3. An anenometer estimate¶

We are trying to understand what determines local wind speeds, to develop guidelines for siting small wind turbines. We've measured average wind speeds over a week on poles at various heights off the ground. Here are the heights (in meters) and measured speeds (in m/s):

In [4]:

height = np.array([0.29, 0.57, 0.24, 2.01, 0.09, 1.26, 0.23, 0.11, 0.14, 0.52, 0.49,
                   0.  , 0.19, 0.46, 0.56, 1.47, 0.52, 0.33, 1.88, 2.28])
speed = np.array([12.1, 10.6,  9.5,  7.4,  9.8, 13.3, 11.1, 11.3, 10.3,  9.2,  9.7,
                   9.5,  9.5, 10.8,  7.7,  7.5,  8.6, 11.5,  8.9, 14.1])
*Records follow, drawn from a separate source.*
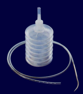 Se spojovací trubicí, závěsem a drénem, dvojité balení, sterilní.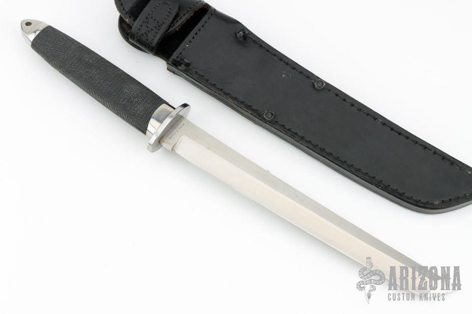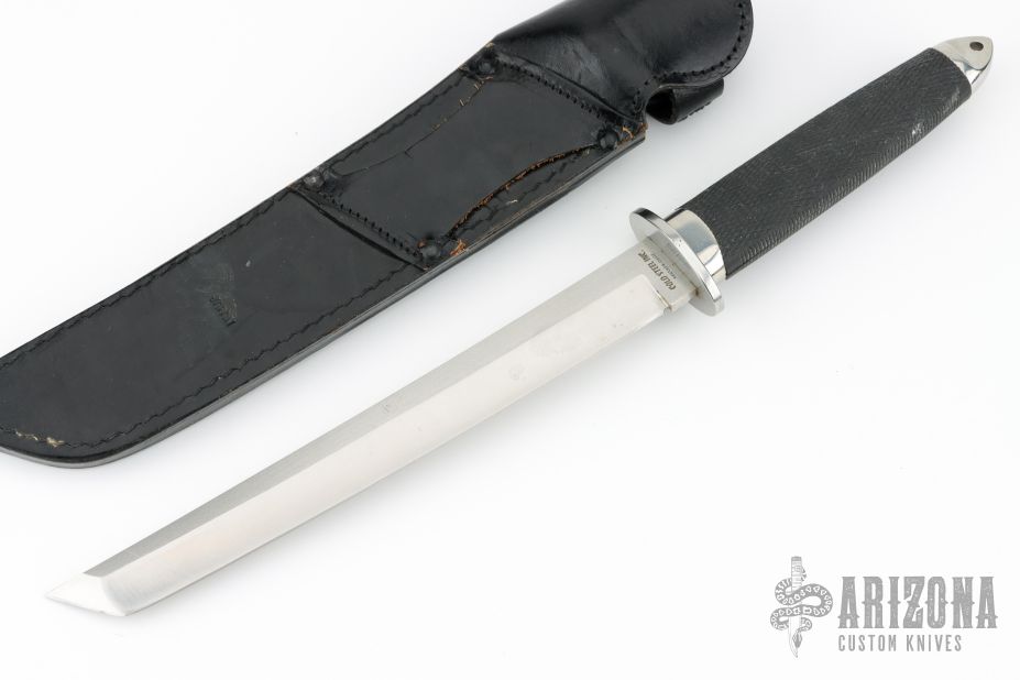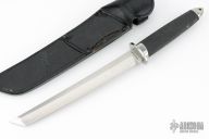 This original magnum tanto by Cold Steel features a satin finished tanto blade. Guard and pommel are stainless. .189" blade stock and 1.096" blade depth. Handle is textured Kraton for a sure non-slip grip. Comes with black leather sheath. Has a couple scratches, otherwise excellent condition.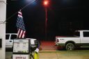 Trucks parked outside of Mustang Oil, a gas station, convenience store, and one of the handful of restaurants in town.

Previous work has shown that the following simplified model can be good in circumstances like these: if the speed is $S$ and height is $H$, $$ S \sim \text{Normal}(\text{mean}=a, \text{sd}=\exp(b H) ). $$ (In words: although mean wind speed does not change with height, the standard deviation does.)

(a) Write the log-likelihood function for this model. The function should have three arguments: the tuple of parameters, $(a, b)$; the array of heights; and the array of speeds.

(b) Estimate the values of $a$ and $b$ from the data by minimizing the negative log-likelihood.

(c) Use simulation (i.e., the "parametric bootstrap") to obtain 95% confidence intervals for your two estimates. Do this by: keeping height fixed; simulating speed from this model using the estimated values of $a$ and $b$, re-applying the estimation procedure, and reporting a 95% interval of the resulting estimates.

Note: for part (b), if you want to make a surface plot to make sure your estimated values make sense, I recommend using plt.contourf instead of imshow as in previous code. (However, such a plot is strictly optional.)

4. Boots¶

Here are a list of 101 measurements of the lengths of 101 right boots of adults walking a popular outdoor trail on Mt. Hood.

In [12]:

boots = np.array([27.7, 23.2, 26. , 25.9, 25.3, 28.2, 23.7, 24.7, 22.6, 26.1, 26.5,
       24.3, 27.1, 25.1, 25.6, 27.3, 26.5, 24.5, 27. , 26.3, 25.2, 22.8,
       25.9, 24.3, 24.3, 23.7, 24.3, 25.5, 25.1, 28.2, 28.3, 26.4, 27.1,
       25.6, 24.8, 28.3, 28. , 23.1, 23.5, 25.8, 26.7, 24.6, 25.2, 25.1,
       27.7, 24.3, 25.8, 22.5, 26.6, 26.4, 25.9, 23.3, 23. , 25. , 26.5,
       27.8, 23.7, 24.2, 27.2, 24.1, 27.1, 25.2, 26.1, 25.3, 25.8, 24.2,
       25.1, 26.4, 26. , 27.9, 24.4, 27. , 25.7, 23.6, 26.2, 27. , 23.8,
       25.6, 26.8, 23.9, 24.3, 24.8, 24.4, 25. , 21.9, 27.8, 26.4, 26.3, 20.1,
       26.6, 26.2, 24.1, 26.8, 23.2, 23.7, 24.2, 23.6, 25.4, 27.1, 24.1, 26.2])

We are trying to design a precision boot cleaner and would like to know what the 10% and 90% quantiles of boot sizes are. For these data, those numbers are

In [13]:

np.quantile(boots, [0.1, 0.9])

Out[13]:

array([23.5, 27.3])

In other words, 10% of the boots are below 23.5cm, 80% are between 23.5cm and 27.3cm, and 10% are above 27.3cm.

However, we'd like to know how good these estimates are. Use the bootstrap (i.e., the usual, resampling-based bootstrap) to find 95% confidence intervals for both.